Sankey plots as an audit layer

At Cradle, we use Sankey plots as a core visualization for multi-property generation campaigns. The concept is straightforward: think of your generated sequences as a river flowing through a series of filters. Each vertical bar on the x-axis represents one of your defined objectives; on-target activity, expression level, stability, a safety constraint, a developability threshold. The flowing bands are your sequences. Blue means the sequence passes the filter; orange means it fails.

Example Sankey plot showing sequence flow across multiple objectives

[Figure 1: Example Sankey plot showing sequence flow across multiple objectives]

What makes this immediately useful is pattern recognition. If the river turns predominantly orange at a specific constraint, you have identified the bottleneck in your design space, not by reading through hundreds of rows in a spreadsheet, but at a glance. More importantly, the Sankey plot becomes a decision-making tool. It tells you which constraint to interrogate, which parameter to relax, and where the AI needs more room to manoeuvre.

An important caveat: these are predicted outcomes. The sequences flowing through the Sankey plot have not yet been synthesized or tested, which is what our customers do in their wet lab. What it gives you is high confidence going into a wet lab round: you have eliminated designs that were dead on arrival and focused your experimental budget on the sequences most likely to meet your full target product profile. That distinction matters, because the value is not in replacing experimental validation but in making each round of it count.

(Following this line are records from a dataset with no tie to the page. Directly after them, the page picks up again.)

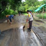 Dompu– Mencegah terjadinya kecelakaan karena kondisi jalan yang becek dan licin, Bhabinkamtibmas dan Warga Desa Riwo melakukan gotong royong pembersihan jalan yang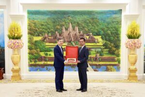 កិច្ចសហប្រតិបត្តិការកម្ពុជា-កូរ៉េ ក្នុងវិស័យសន្តិសុខ បានបោះជំហានទៅមុខប្រកបដោយទំនុកចិត្ត និងភាពប្រាកដនិយម។ នារសៀលថ្ងៃទី១០ ខែវិច្ឆិកា ឆ្នាំ២០២៥ ឯកឧត្ដមអភិសន្តិបណ្ឌិត ស សុខា ឧបនាយករដ្ឋមន្ត្រី រដ្ឋមន្ត្រីក្រសួងមហាផ្ទៃ បានទទួលជួបពិភាក្សាការងារជាមួយឯកឧត្តម ចូ ហ្យន់ (Cho Hyun) រដ្ឋមន្រ្តីក្រសួងការបរទេស នៃសាធារណរដ្ឋកូរ៉េ នៅទីស្ដីការក្រសួងមហាផ្ទៃ។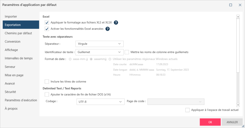 Format de date (avec option d’utiliser les paramètres régionaux Windows actuels) – Vous ne pouvez configurer ce paramètre que si l’option Texte avec séparateurs / XML > Mode compatibilité anciennes versions – Omettre les personnalisations de format à l’exportation est sélectionnée.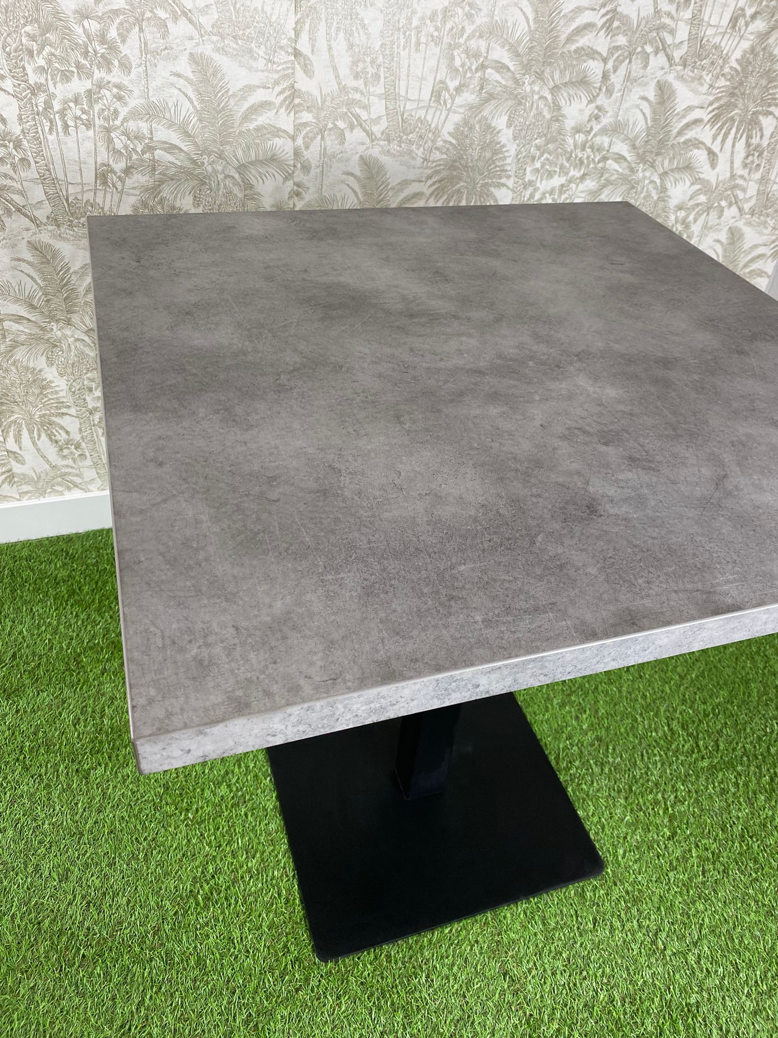 Características: Tablero de melamina de 3 cms de grosor, también disponible en 1.9cm de grosor (90€ mesa completa), el diseño es estilo industrial en color gris simulando en aspecto y tacto al cemento. Disponible en cualquier medida.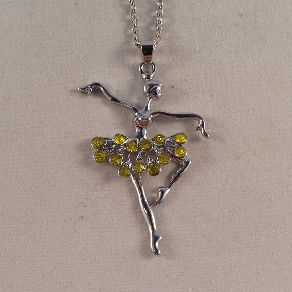 Beautiful classic design Ballerina Ballet Dancer chain necklace. Silver over alloy with yellow crystals on tutu. High polished shine, brand new, never been worn. Lead, nickel free. This gorgeous necklace sparkles.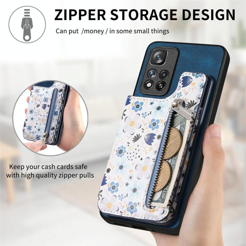 Για Redmi K40 Ρετρό ζωγραφισμένο φερμουάρ πορτοφόλι πίσω τηλέφωνο υπόθεση (μπλε)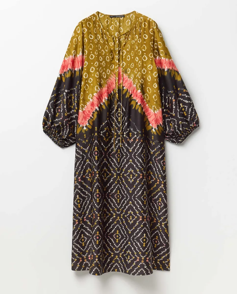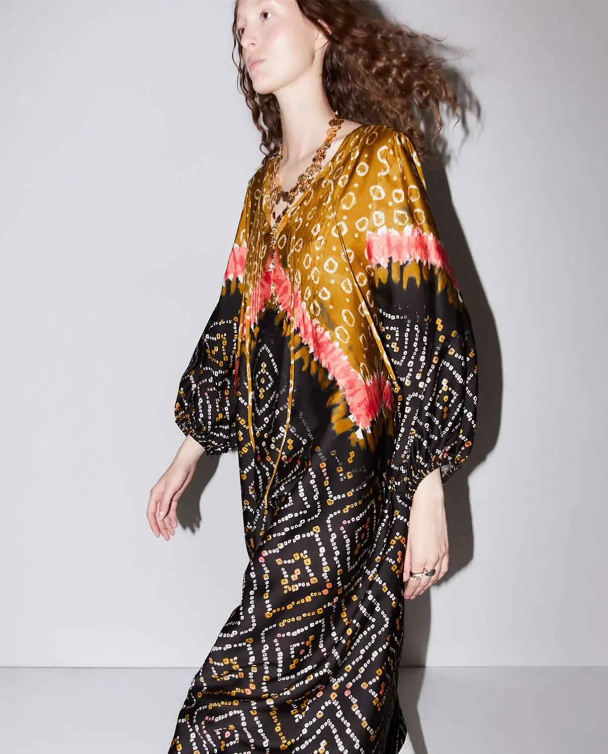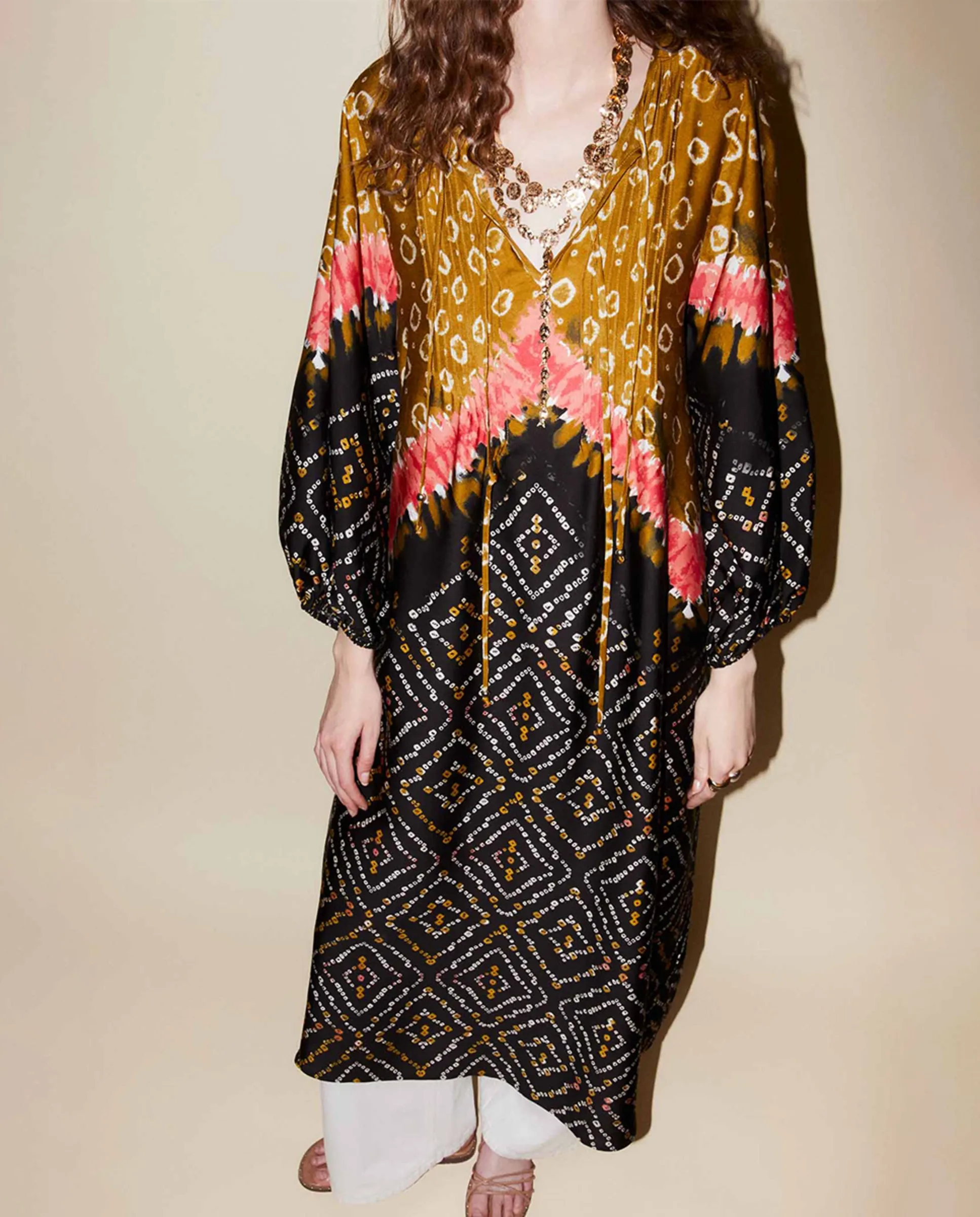 Туника в стиле tiedye. Объемные рукава и V-образный вырез.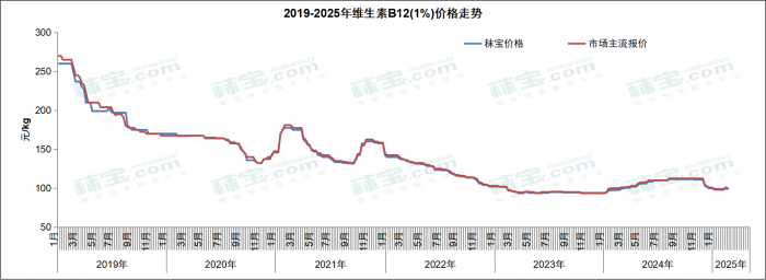 本周维生素B12市场主流价格98-104元/kg。维生素B12有厂家提高报价,不过下游需求疲软,市场价格略有波动后恢复平稳,后续需关注下游库存变化。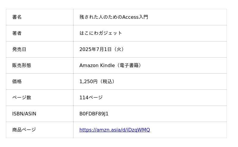 合同会社BlueAge(本社:千葉県船橋市、CEO:安田 久美子、以下「BlueAge」)は、Accessファイルの引き継ぎ・修正・運用に悩む実務者のための書籍『残された人のためのAccess入門』を、2025年7月1日(火)よりAmazon Kindleにて発売いたします。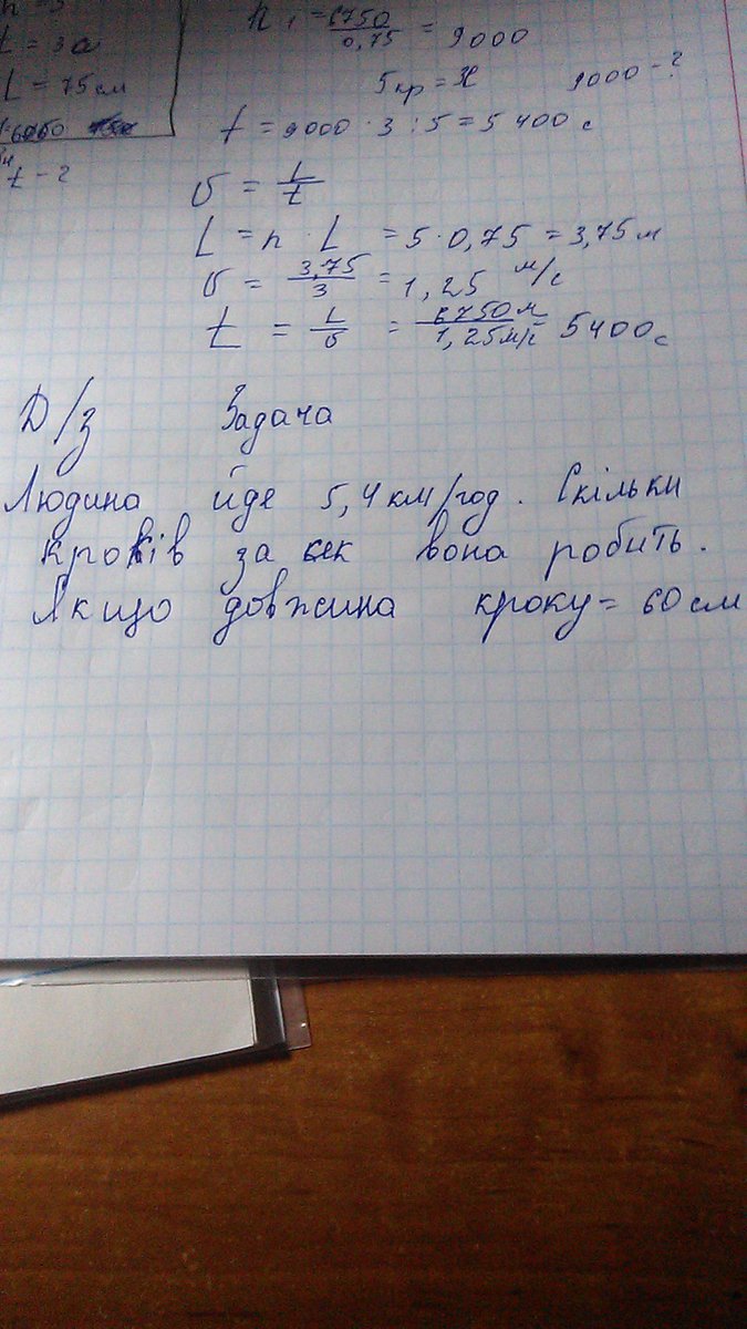 Людина йде 5,4 км/год .Скільки кроків за сек вона робить .Якщо довжина кроку = 60 см

Let’s look into two practical examples of exactly that. The data is fictitious, but both examples are based on real case studies.

Case A: relieving a constraint bottleneck

In one campaign, the Sankey plot revealed a clear choke point at a secondary safety constraint. Sequences were passing all upstream objectives—activity, expression, primary selectivity—only to be eliminated en masse at this single filter. The river turned orange.

[Figure 2: Sankey plot showing the constraint bottleneck before and after adjustment]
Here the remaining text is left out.